The Not-So Starving Student—Ramen 101

Ramen is a Japanese adaptation of wheat noodles.  Its roots stem from China in the 1800s and it made its way to various surrounding Asian countries.  Each country has its own edition of the Chinese soup noodle, but no adaptation has become like ramen in its popularity and reach.  For many, ramen culture is heavily embedded in pop culture like manga or even in episodes of the Netflix series – Chef’s Table.  It seems like a comfort food that can never go wrong. Unfortunately, my latest encounter with a ramen joint that opened recently in Edmonton was far from superior.  Having sampled many Japanese restaurants, my expectations of ramen are distinct but simple.  Here are my four criteria that might help you identify the best local ramen restaurant.

Broth

The broth contains a complexity of the flavors, richness, and viscosity that bathes the wheat noodles.  Taking care to enjoy a spoonful of the broth can awaken the taste buds before chowing down on the glutinous noodles.  Without a flavorful broth, often prepared by pressure cooking or stewing pork, chicken, or beef for hours on end, foodies like myself simply can’t have a satisfying meal.  Because, just as central as seaweed is to sushi, the broth of the ramen should steal the spotlight.  There are two general types of soup broths either a clear or a creamy colored broth.  Both are unique to the palette.  Whereas the clear broth gives a light soy sauce flavor, the murkier broth is thicker and richer.  Besides the saltiness of the broth, there should be hints of the protein, as well as scallion, garlic and other flavors from hours of stewing and pressure-cooking.

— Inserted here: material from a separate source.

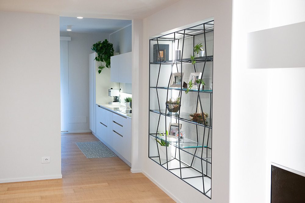 Accanto alla libreria, gli elementi geometrici del soggiorno si rincorrono in un gioco di forme e luci che, ancora una volta, affascina e conquista.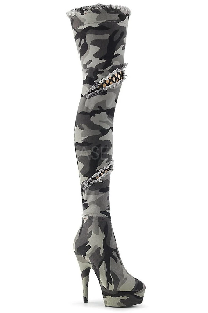 Pleaser Camo Stretch Fabric DELIGHT-3005 Boots.

“Al dente”-ness of the noodles

The best bowl of ramen I experienced was in Toronto at Sansotei with perfect points in my four criteria.

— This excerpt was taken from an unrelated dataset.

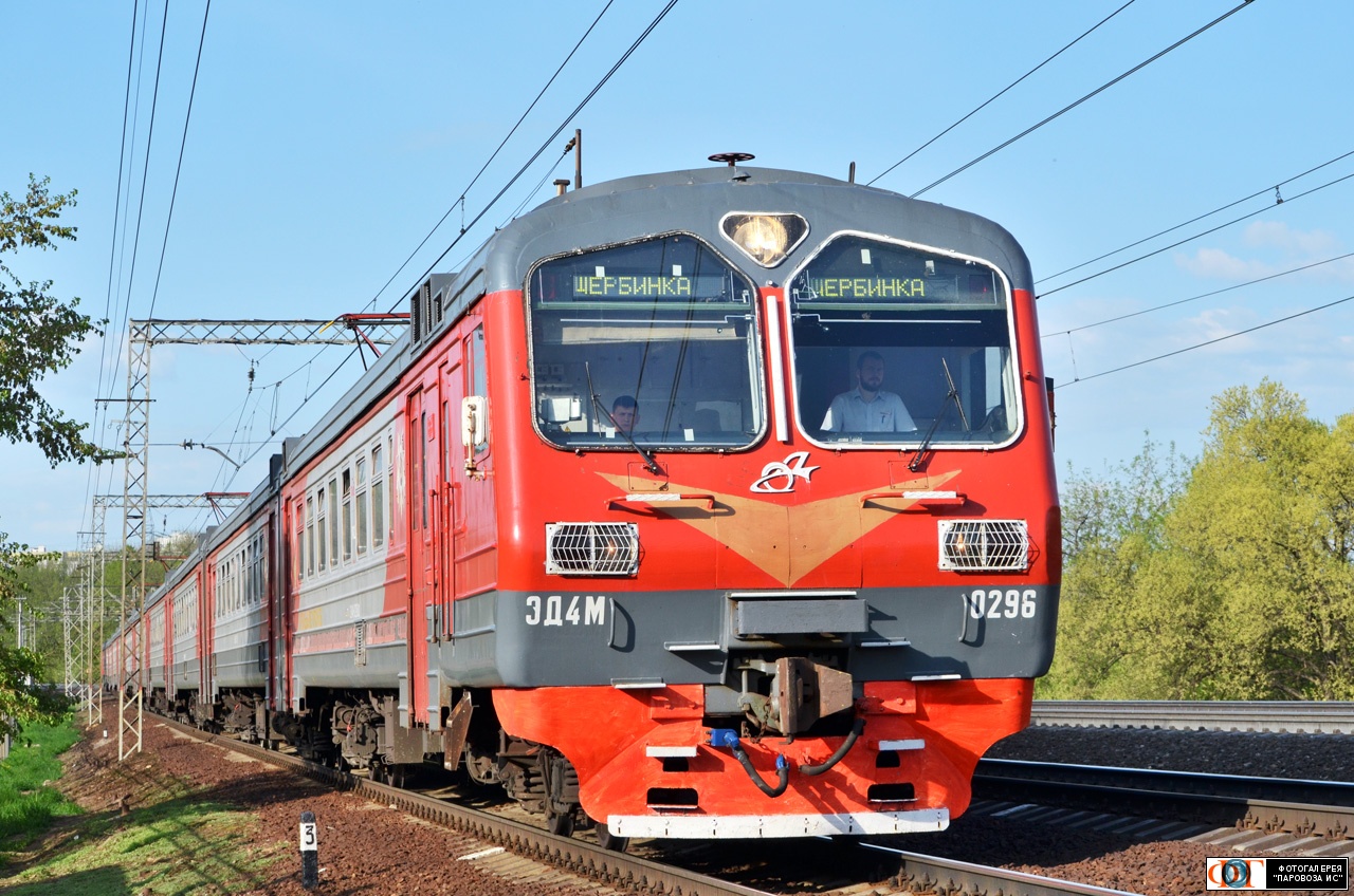| Электропоезд ЭД4М-0296 на перегоне Люблино-Южное (Люблино-Сортировочное) - Царицыно, Москва Автор: Артем | Фото сделано 10.V.2015, опубликовано 1.I.2018.

“Al dente” directly translated to “to the tooth” is an Italian term describing the elasticity of noodles and wheat-gluten dishes.  Something with greater chewiness such as escargot would rank higher on this scale than a soggy croissant.  In speaking to ramen noodles, the firmness of the noodles is a testament of the freshness in which it was made.  The longer the noodles sit in the broth, the poorer the elasticity.  Most ramen joints prepare the noodles fresh or purchase them in bulk from a factory.  Paying attention to the texture of the noodles will tell you the care in which it was prepared.

The protein

One of the highlights of a ramen bowel include the texture of the accompanying protein.  Regardless of the type of protein (pork, chicken or beef), the meat should have a fall-off-the-bone consistency in our mouths.  If the protein is tough and jerky-like, it may be a sign of over-cooking.  The classic bowl of ramen uses rolled char siu that consist of both fatty and lean parts of pork.

The garnish

The worst bowl of ramen I experienced was in Edmonton.  Some of the biggest misses in this bowel include non-traditional toppings such as lemon and broccolini which destroy the flavor of the broth.  The broth was overly salty without richness.  The creaminess is poor as seen by the translucent color.  Finally, egg noodles were used in lieu of chewy wheat noodles.  All in all this bowl was a 1/10 (perfect egg was the only thing great about this bowl).

A custom bowl of ramen ordered in Japan often allows full customization of the ingredients, the soup base, and the garnish.  The garnish creates variety from bowl to bowl.  Hence, no two bowls of ramen are quite alike! The traditional bowl of ramen features a sliced egg.  The egg yolk having a semi-liquid consistency is preferred over a hard-boiled egg.  Other choices include bamboo shoots, black fungus, seaweed, pickled veggies and corn.